→ The records:
══════════

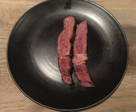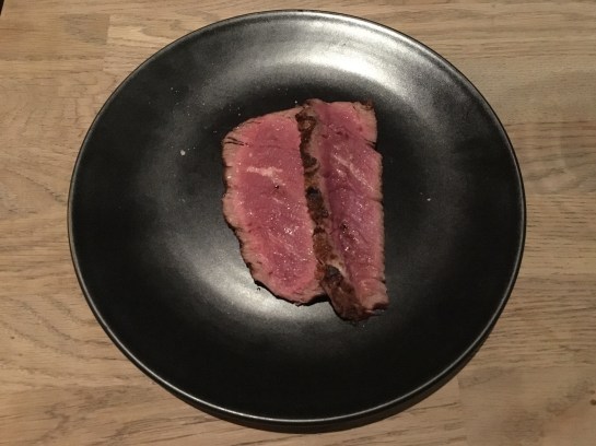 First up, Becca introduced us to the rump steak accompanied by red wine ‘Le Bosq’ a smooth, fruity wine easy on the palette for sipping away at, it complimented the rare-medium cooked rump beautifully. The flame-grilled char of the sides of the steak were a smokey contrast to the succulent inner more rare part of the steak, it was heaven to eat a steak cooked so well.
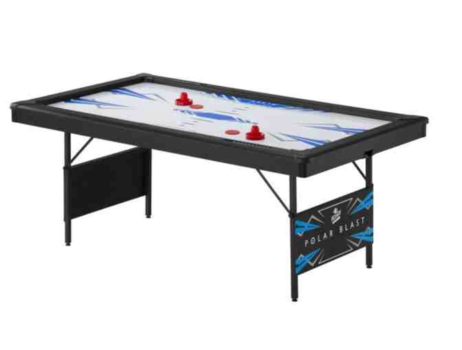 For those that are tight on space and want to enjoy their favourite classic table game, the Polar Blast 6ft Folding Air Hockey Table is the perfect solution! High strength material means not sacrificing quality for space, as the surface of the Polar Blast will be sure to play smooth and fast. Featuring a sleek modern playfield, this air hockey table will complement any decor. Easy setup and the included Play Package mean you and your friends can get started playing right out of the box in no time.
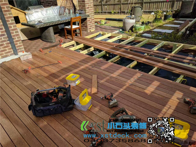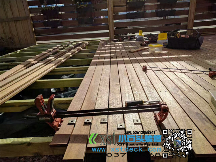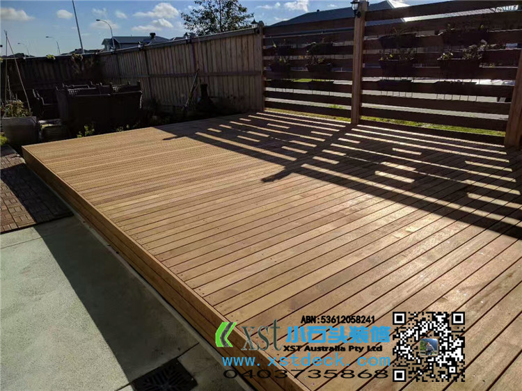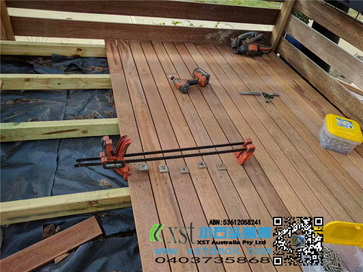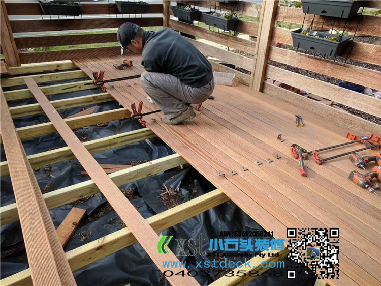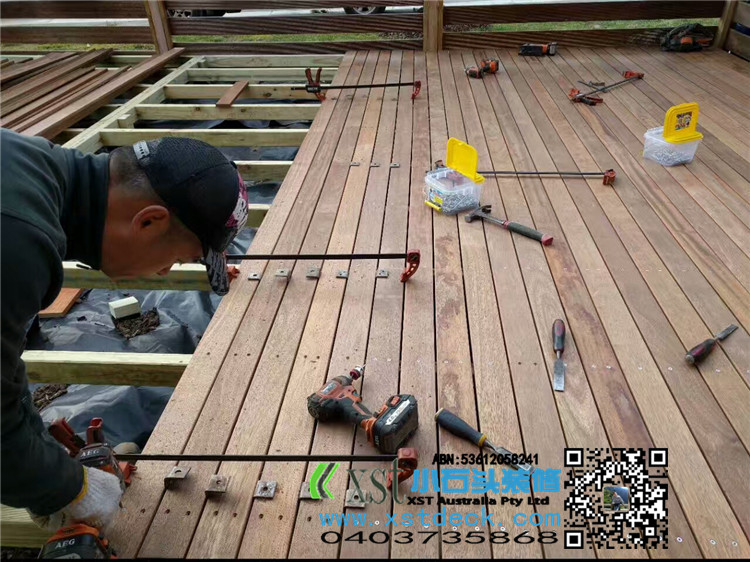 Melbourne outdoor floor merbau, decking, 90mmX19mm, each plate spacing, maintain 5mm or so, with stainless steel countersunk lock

══════════

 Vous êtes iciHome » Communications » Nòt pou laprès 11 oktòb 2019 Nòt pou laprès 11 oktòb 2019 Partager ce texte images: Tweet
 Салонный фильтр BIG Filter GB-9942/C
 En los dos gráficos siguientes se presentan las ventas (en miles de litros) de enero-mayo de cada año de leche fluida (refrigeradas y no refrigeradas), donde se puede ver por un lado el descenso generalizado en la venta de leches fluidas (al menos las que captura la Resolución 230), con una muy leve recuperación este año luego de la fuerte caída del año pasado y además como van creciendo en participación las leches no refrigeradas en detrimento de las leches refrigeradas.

══════════

→ Task details:
Having found the line with "For those that" and the line with "Melbourne outdoor floor" in the material above, write out exactly those two and every line between, leaving the pictures out.

→ Problem solution:
 For those that are tight on space and want to enjoy their favourite classic table game, the Polar Blast 6ft Folding Air Hockey Table is the perfect solution! High strength material means not sacrificing quality for space, as the surface of the Polar Blast will be sure to play smooth and fast. Featuring a sleek modern playfield, this air hockey table will complement any decor. Easy setup and the included Play Package mean you and your friends can get started playing right out of the box in no time.
 Melbourne outdoor floor merbau, decking, 90mmX19mm, each plate spacing, maintain 5mm or so, with stainless steel countersunk lock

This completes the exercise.